Abandon All The Franchises

At a store the other day, I saw a bunch of Star Wars figures in retro-Kenner packaging being marketed in support of the latest Disney Plus atrocity.  They were marked down because no one wants them.  Modern kids are not willing to put in the 22+ hours of movie watching as well as slogging through the endless morass of Disney streaming (some of which is completely age-inappropriate) just to catch up.  As for the Gen X crowd – formerly the target audience – those who haven’t sold their stuff off in disgust have already got everything they need.  There is literally no market for this crap.

Any attempt at reviving Hollywood would therefore require new creative teams, writers who have lived in the world, experienced life and can write authoritatively about more than spats at the middle school lunch table.  When even Predator is reduced to daddy issues, the failure of imagination is impossible to ignore.
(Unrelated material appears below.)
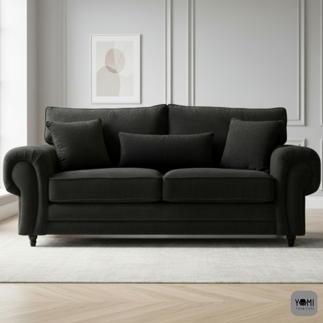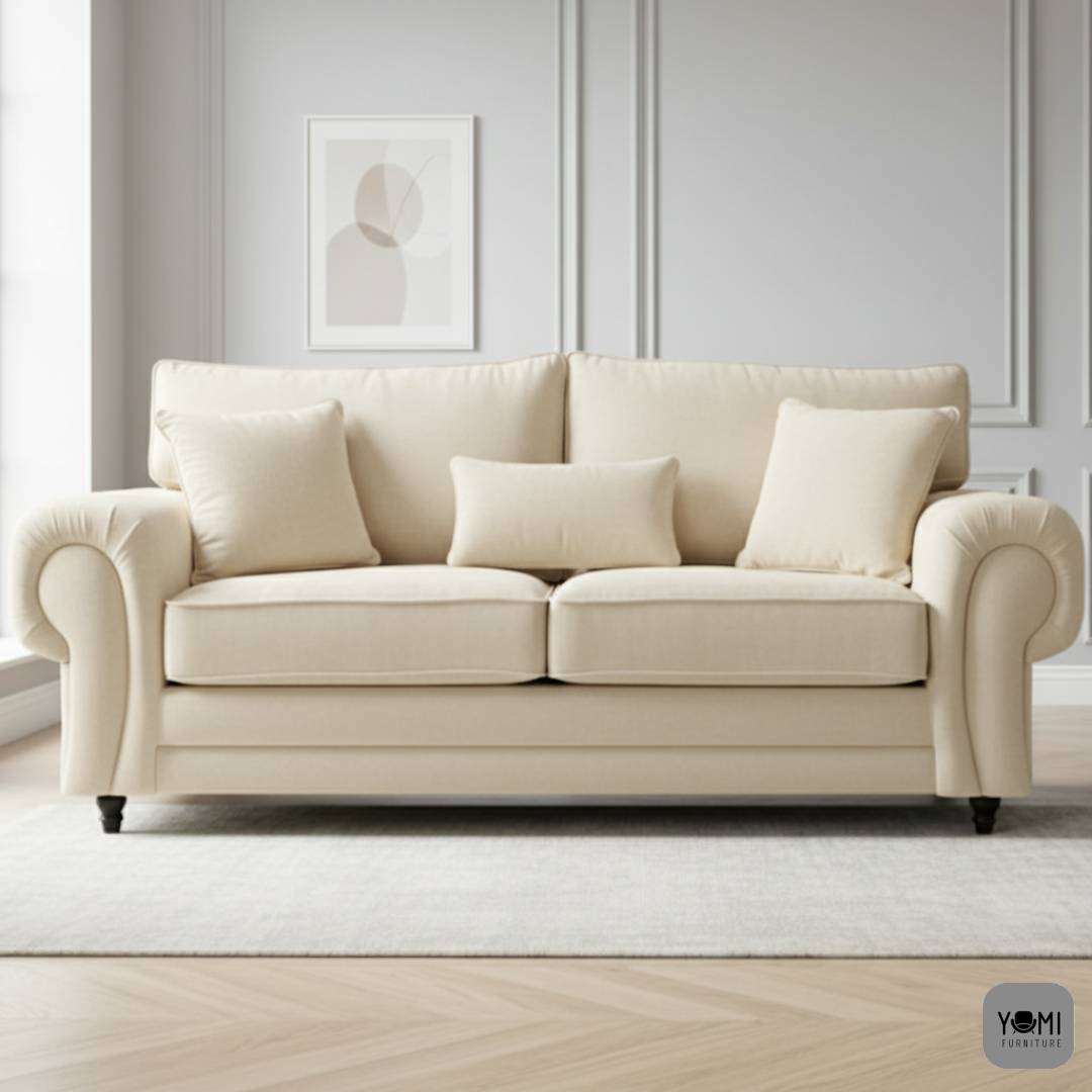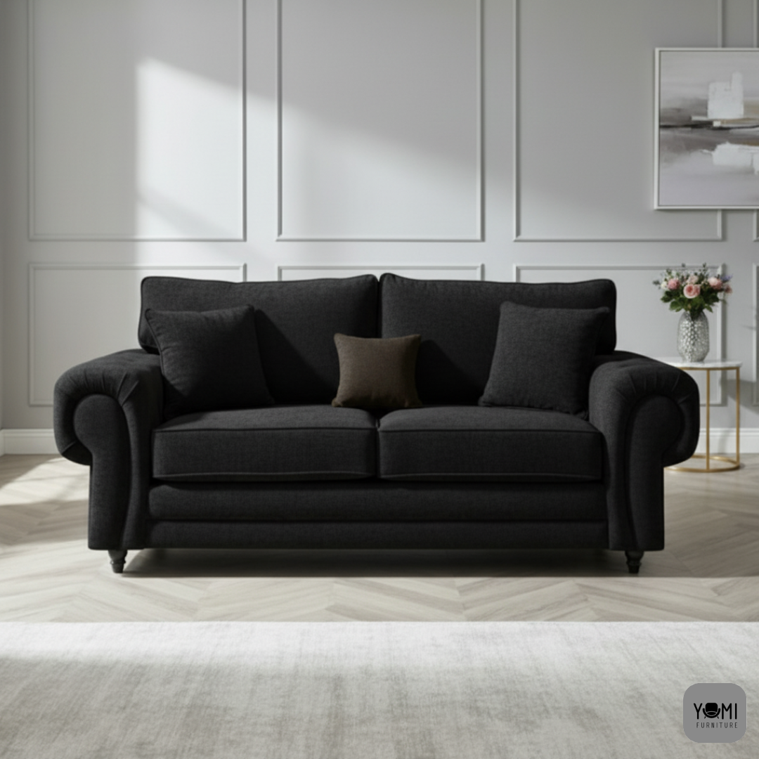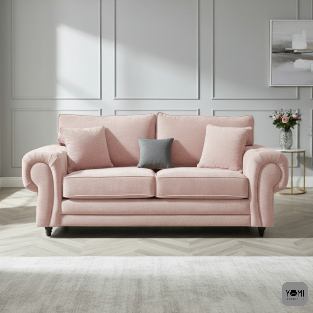 The Verona collection showcases a classic design with a modern twist. Its elegant rolled arms and distinctive button tufting add a touch of sophistication, while the clean lines and refined silhouette ensure it complements any decor. Upholstered in a premium, high-quality fabric, this sofa not only looks stunning but also feels incredible to the touch, standing up to the demands of everyday life.

There are several paths forward.  One is to go the route of Caught Stealing and embrace low-budget “small” films that have huge upside potential.  You can make ten of these for less than a mid-priced MCU film and only a couple have to hit it big to ensure hefty profits.  Hollywood used to know this.

The other is to embrace the popular culture as it is – when you do a book adaptation, adapt the actual book.  Don’t use it as an opportunity to piss off your core audience.  I’m sure it was satisfying for the creatives at Amazon to take a dump on Tolkien as well as the Wheel of Time fanbase, but one need only look at Twilight to see how to make vast amounts of money with essentially mediocre films.

Finally, embrace the religious audience.  Christian moviegoers are famously cheap dates, but there is plenty of quality material to work with.  Among her many crimes against fiduciary duty, Kathleen Kennedy canceled the hugely lucrative Narnia franchise because she objectively hates money and is clearly working to bankrupt her employer.  Alternatively, she is completely allergic to heroic stories with Christian morality.  Probably a little of both.

While Top Gun: Maverick was shockingly good, it should be left alone.  Adding films to the catalog just creates a genre ghetto, and we have far too many of those.

Unless the money men are able to counter these obstacles, Hollywood as we know it is doomed.  This is a disruption at least equal to the collapse of the studio system in the late 1960s and into the 1970s.  It will be interesting to see who capitalizes on this opportunity.